Klippel feil in adults chat
There was no surgeon available nor an anesthesiologist.My resident OB/GYN and another physician started ripping the afterbirth out with their hands and I lived. The Urologist who diagnosed me, refused to see me in the ER when I had a kidney stone (causing hydronephrosis) that was 9 mm in size.When I had the arteries in my neck checked, the whole time I held my head to the left, I talk like I have had a stroke.I have to have my esophagus stretched every so often. Just typing this, I am nodding off and having to come back to correct it.I have no money to pay for transportation and can't drive very far. One should be grateful to providence for pulling through. Presently I feel you could go for stenting in narrowed carotids, which will help alleviate brain symptom of fainting or black-out like events. Visiting a teaching medical school cardiovascular department may be good idea. I was a former LPN and graduated top of my class, passed my boards with the least amount of questions possible and was licensed in both WV and KY. I am blessed to have had the experiences I have had in life.
This questionnaire has a simple scoring system which is as follows: ) If your child passes the CHAT then no further tests will be done.
What would be my best route to getting better care and finding out what is going on with these diseases?
Also I had some things happen at the beginning of the year last year that I would like to know what happened.
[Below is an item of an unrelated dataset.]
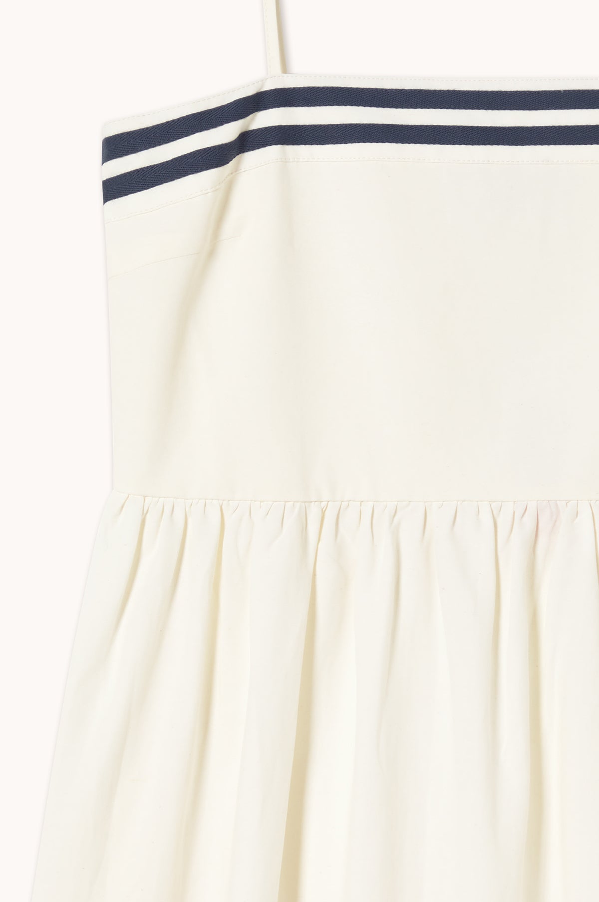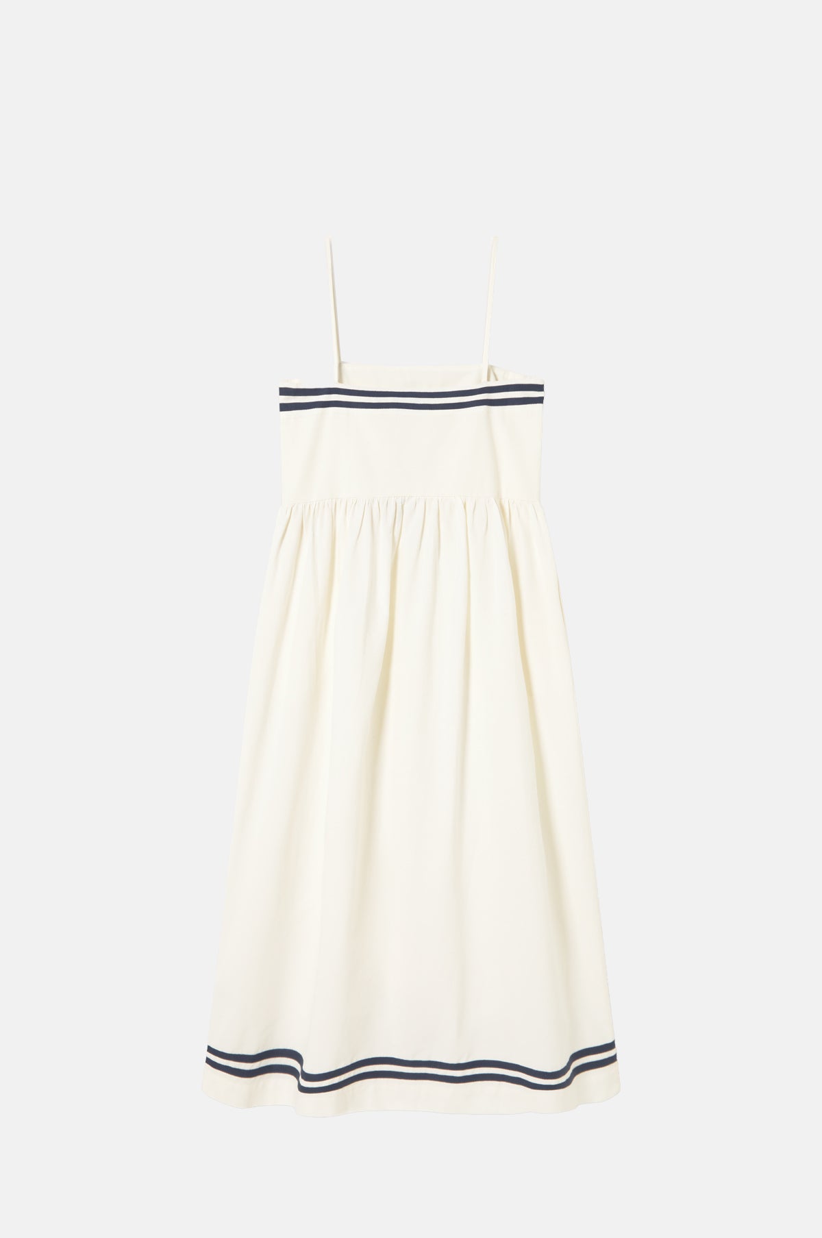 This timeless white midi dress from The Tiny Big Sister points us in a nautical direction with our attire this season. With a square neckline and spaghetti straps, this dress is accented with two pairs of contrasting navy twill stripes that inspire the seafaring sentiment. The slightly voluminous skirt, and fitted bodice create a figure flattering silhouette and the crisp, airy fabric will help to keep you cool in languid weather.

The one who confirmed my diagnosis later wrote in my chart that he could not see that I had a clear picture of KFS and that I could range my head quite nicely.
C-1 is fused to my skull and there is a space where I have been told it would be easy to break my neck and then C-2 & C-3 are fused. My geneticist confirmed KFS and hemifacial microsomia.
It was the most excruciating thing I have ever endured. Two months later, I was bleeding still and full of infected afterbirth that should have went septic but did not. He was angry because I saw another Urologist one time.